(Collected data entries)
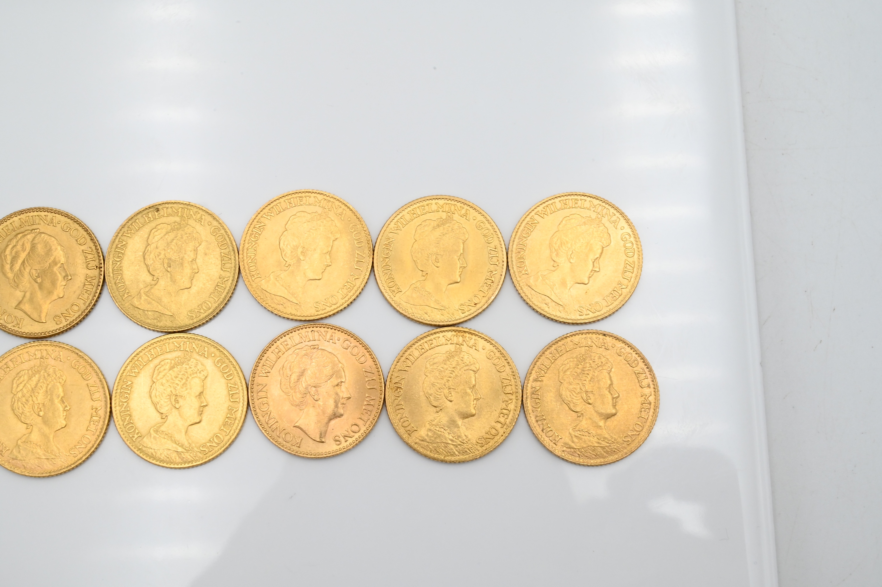 10 Dutch 10 Guilders Uncirculated Gold Coins, 67.2 grams
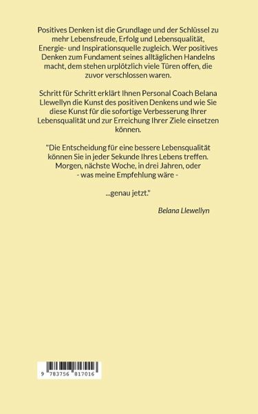 Positives Denken ist die Grundlage und der Schlüssel zu mehr Lebensfreude, Erfolg und Lebensqualität, Energie- und Inspirationsquelle zugleich. Wer positives Denken zum Fundament seines alltäglichen Handelns macht, dem stehen urplötzlich viele Türen offen, die zuvor verschlossen waren.Schritt für Schritt erklärt Ihnen Personal Coach Belana Llewellyn die Kunst des positiven Denkens und wie Sie diese Kunst für die sofortige Verbesserung Ihrer Lebensqualität und zur Erreichung Ihrer Ziele einsetzen können:- Ablegen einer Opfer-Mentalität- Selbstreflexion- Potentiale entdecken und nutzen- Ziele ins Auge fassen und erreichen- Die Bedeutung unserer Alltags-Kommunikation für unser Mindset- Resilienz entwickeln"Die Entscheidung für eine bessere Lebensqualität können Sie in jeder Sekunde Ihres Lebens treffen. Morgen, nächste Woche, in drei Jahren, oder - was meine Empfehlung wäre - ...genau jetzt."Belana Llewellyn
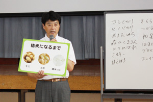 5年生の実施している米作り(農業)というテーマから、今回の夢先生には、京都宮津にて無農薬・手作業にて稲作をし、こだわりのお酢“富士酢”をつくり続けている飯尾氏と調布市にて明治38年創業の米屋(山田屋本店)の秋沢氏をお招きして、日本の主食である米について、こども達により深く知ってもらう事を目的に開催されました。
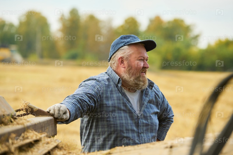 Мужчина средних лет, работающий на открытом воздухе на ферме во время сезона жатвы
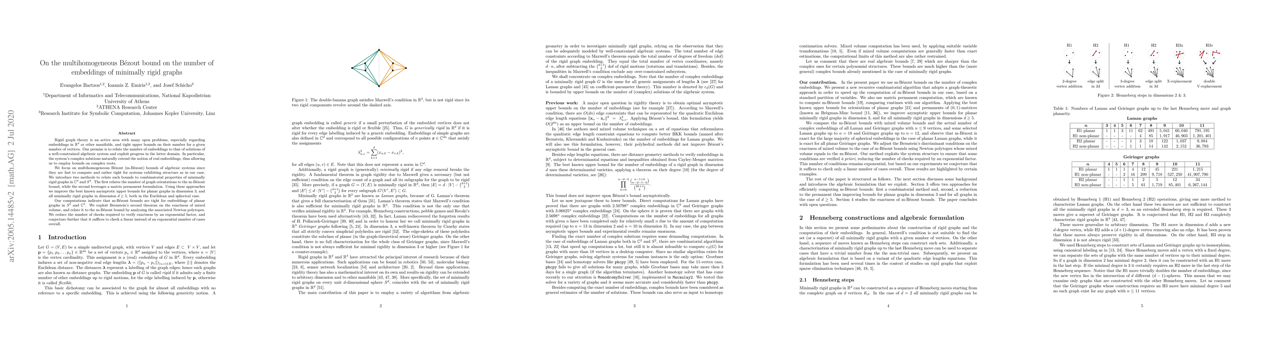 This research paper improves asymptotic upper bounds for the number of embeddings of minimally rigid graphs in 3D space and higher dimensions, using multihomogeneous Bézout bounds and a matrix permanent formulation.
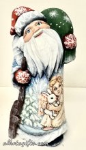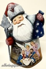 Ded Moroz's popularity on the one hand, and religious beliefs of Russian people made it possible and then common to paint Nativity scenes as well as Guardian angels on the front and back of Russian Santas' carvings. The variety and intricacy of carvings are very vast. The quality of painting is different. There is an alarming trend today - painters are leaving this field. As a result the price of professional work - paintings of Nativity scenes on wood - goes up. Russians believe in Guardian angels. Russian Orthodox Church teaches that every person in birth acquires a Guardian angel (angel-guardian, as Russians call it) who accompanies him through life. That is why carvings of Russian Santas with guardian angels are very well accepted and are of high collectible value for Russian people.
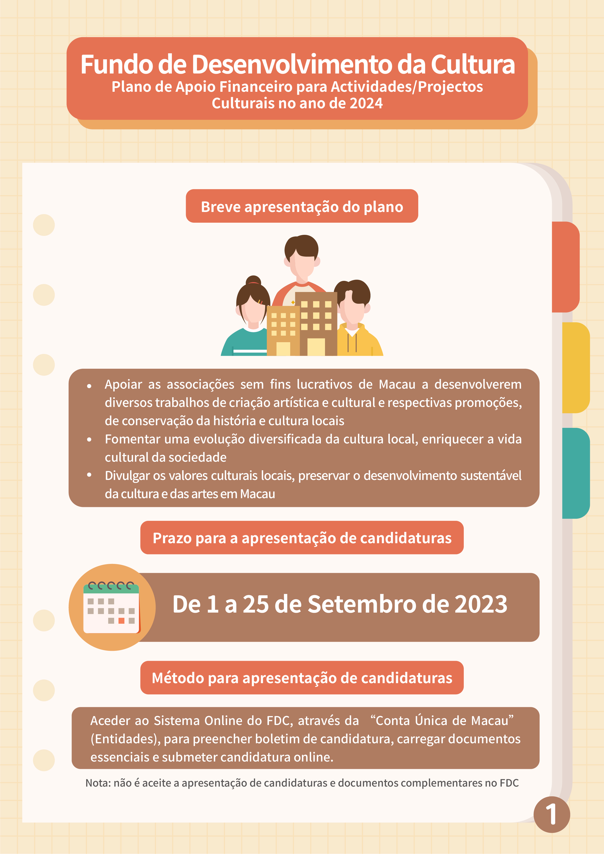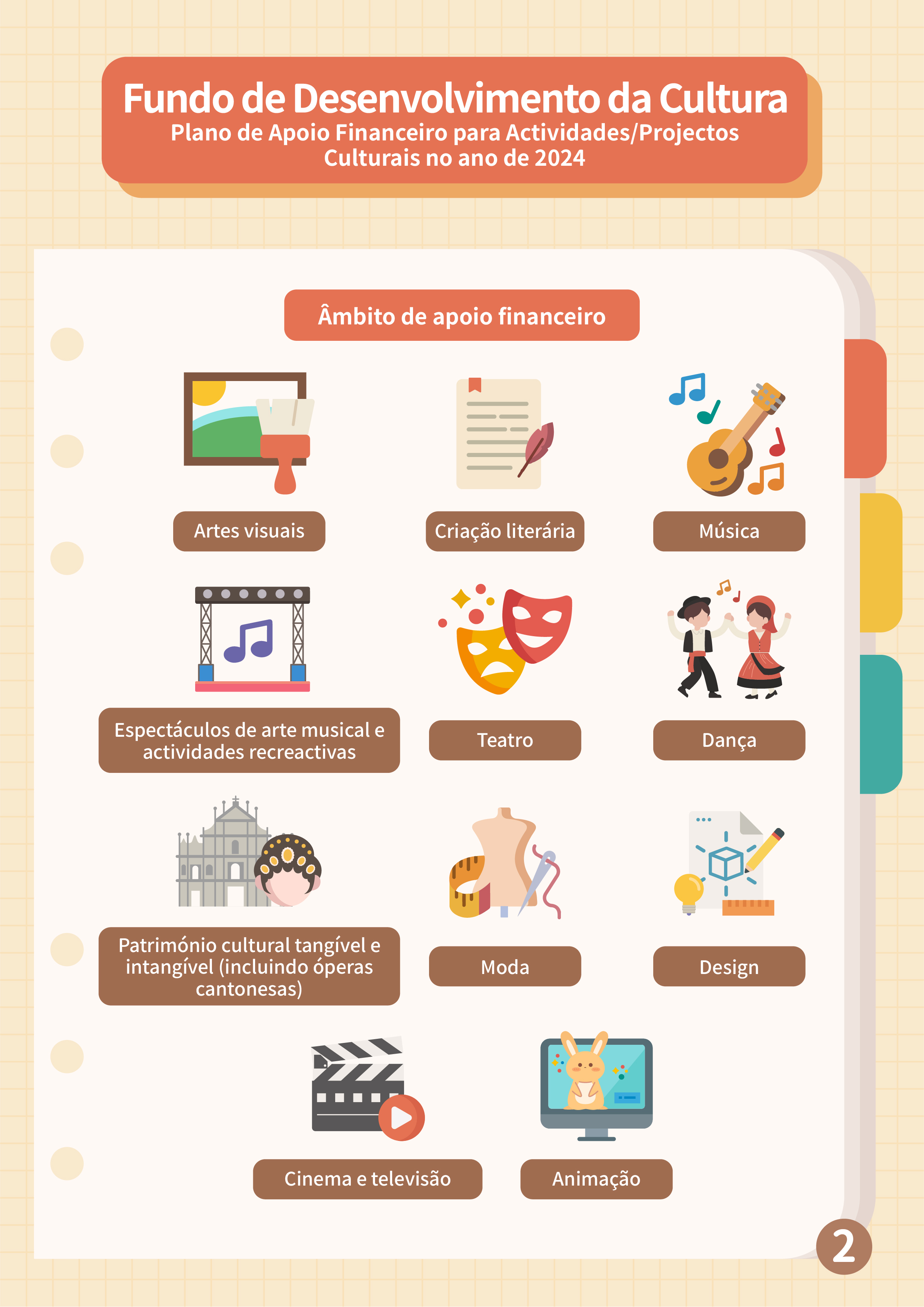 O Fundo de Desenvolvimento da Cultura (FDC) lança o “Plano de apoio financeiro para actividades/projectos culturais no ano de 2024” e o “11.º Plano de subsídio à criação de amostras de design de moda”, com vista a enriquecer a atmosfera cultural dos bairros comunitários e promover o desenvolvimento da indústria de design de moda em Macau.
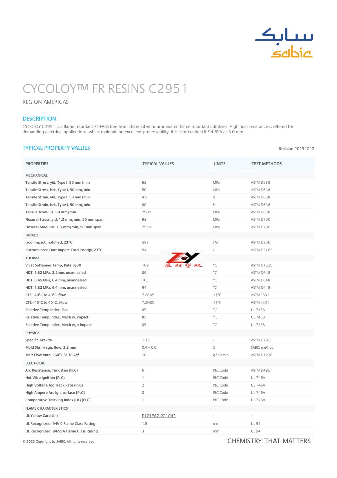 CYCOLOY C2951物性參數表 PC/ABS物性數據,PC/ABS物性表,PC+ABS物性表,沙特PC/ABS,聚碳酸酯+丙烯腈丁二烯苯乙烯
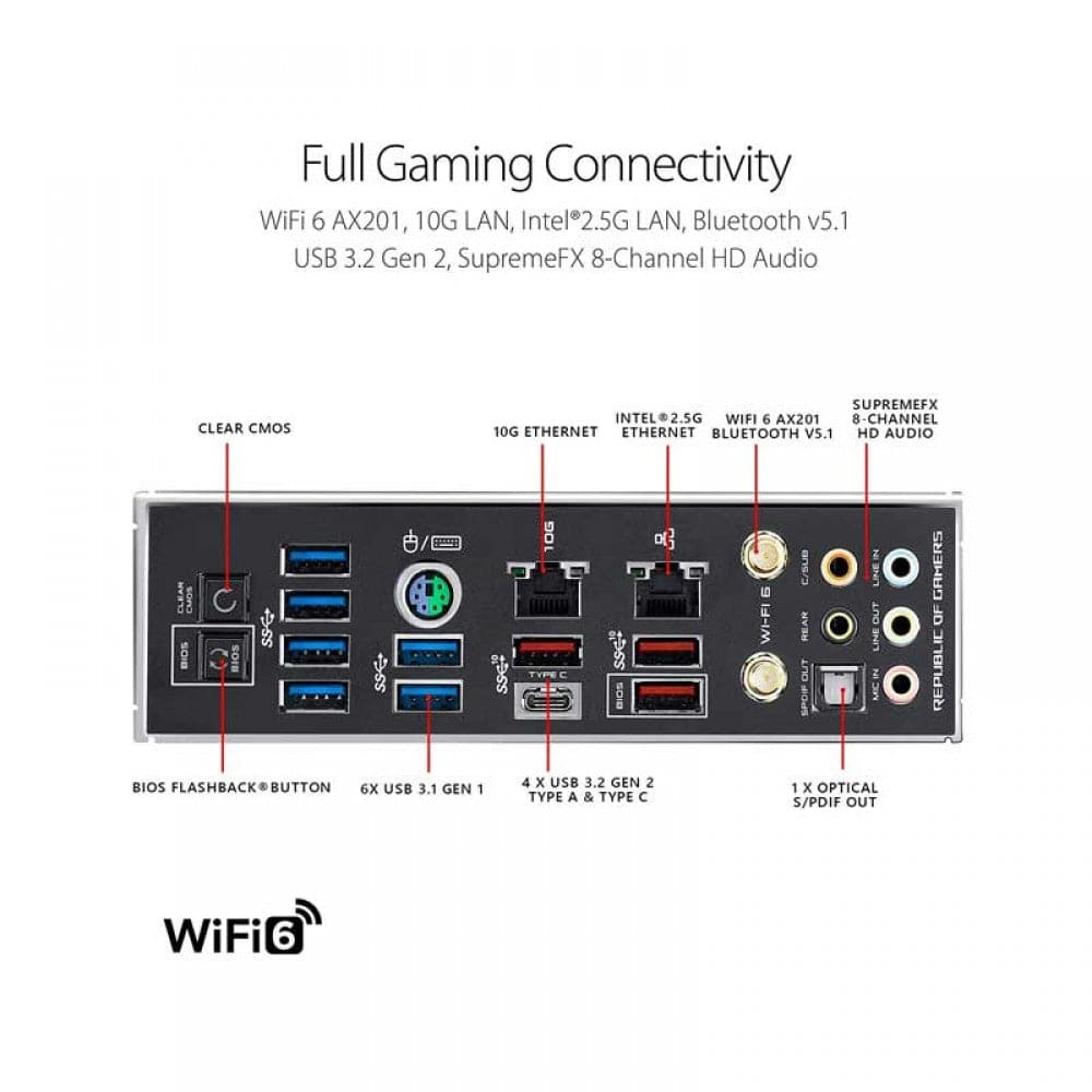 1 x HDMI 4 x USB 3.1 Gen 2 6 x USB 3.1 Gen 1 1 x Optical S/PDIF out 1 x Clear CMOS button(s) 1 x USB BIOS Flashback® Button(s) 1 x ASUS Wi-Fi Module 5 x Gold-plated audio jacks Anti-surge LAN (RJ45) port 1 x AQC-111C 5G LAN port |
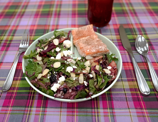 INGREDIENTS: 10 ounces cooked salmon, flaked and divided in half 1/2 cup plain non-fat Greek yogurt, divided in half 1 tablespoon light mayonnaise 2 teaspoons

**Task goal:** Skip every image and output the remaining records exactly.

**Expected answer:**
 10 Dutch 10 Guilders Uncirculated Gold Coins, 67.2 grams
 Positives Denken ist die Grundlage und der Schlüssel zu mehr Lebensfreude, Erfolg und Lebensqualität, Energie- und Inspirationsquelle zugleich. Wer positives Denken zum Fundament seines alltäglichen Handelns macht, dem stehen urplötzlich viele Türen offen, die zuvor verschlossen waren.Schritt für Schritt erklärt Ihnen Personal Coach Belana Llewellyn die Kunst des positiven Denkens und wie Sie diese Kunst für die sofortige Verbesserung Ihrer Lebensqualität und zur Erreichung Ihrer Ziele einsetzen können:- Ablegen einer Opfer-Mentalität- Selbstreflexion- Potentiale entdecken und nutzen- Ziele ins Auge fassen und erreichen- Die Bedeutung unserer Alltags-Kommunikation für unser Mindset- Resilienz entwickeln"Die Entscheidung für eine bessere Lebensqualität können Sie in jeder Sekunde Ihres Lebens treffen. Morgen, nächste Woche, in drei Jahren, oder - was meine Empfehlung wäre - ...genau jetzt."Belana Llewellyn
 5年生の実施している米作り(農業)というテーマから、今回の夢先生には、京都宮津にて無農薬・手作業にて稲作をし、こだわりのお酢“富士酢”をつくり続けている飯尾氏と調布市にて明治38年創業の米屋(山田屋本店)の秋沢氏をお招きして、日本の主食である米について、こども達により深く知ってもらう事を目的に開催されました。
 Мужчина средних лет, работающий на открытом воздухе на ферме во время сезона жатвы
 This research paper improves asymptotic upper bounds for the number of embeddings of minimally rigid graphs in 3D space and higher dimensions, using multihomogeneous Bézout bounds and a matrix permanent formulation.
 Ded Moroz's popularity on the one hand, and religious beliefs of Russian people made it possible and then common to paint Nativity scenes as well as Guardian angels on the front and back of Russian Santas' carvings. The variety and intricacy of carvings are very vast. The quality of painting is different. There is an alarming trend today - painters are leaving this field. As a result the price of professional work - paintings of Nativity scenes on wood - goes up. Russians believe in Guardian angels. Russian Orthodox Church teaches that every person in birth acquires a Guardian angel (angel-guardian, as Russians call it) who accompanies him through life. That is why carvings of Russian Santas with guardian angels are very well accepted and are of high collectible value for Russian people.
 O Fundo de Desenvolvimento da Cultura (FDC) lança o “Plano de apoio financeiro para actividades/projectos culturais no ano de 2024” e o “11.º Plano de subsídio à criação de amostras de design de moda”, com vista a enriquecer a atmosfera cultural dos bairros comunitários e promover o desenvolvimento da indústria de design de moda em Macau.
 CYCOLOY C2951物性參數表 PC/ABS物性數據,PC/ABS物性表,PC+ABS物性表,沙特PC/ABS,聚碳酸酯+丙烯腈丁二烯苯乙烯
 1 x HDMI 4 x USB 3.1 Gen 2 6 x USB 3.1 Gen 1 1 x Optical S/PDIF out 1 x Clear CMOS button(s) 1 x USB BIOS Flashback® Button(s) 1 x ASUS Wi-Fi Module 5 x Gold-plated audio jacks Anti-surge LAN (RJ45) port 1 x AQC-111C 5G LAN port |
 INGREDIENTS: 10 ounces cooked salmon, flaked and divided in half 1/2 cup plain non-fat Greek yogurt, divided in half 1 tablespoon light mayonnaise 2 teaspoons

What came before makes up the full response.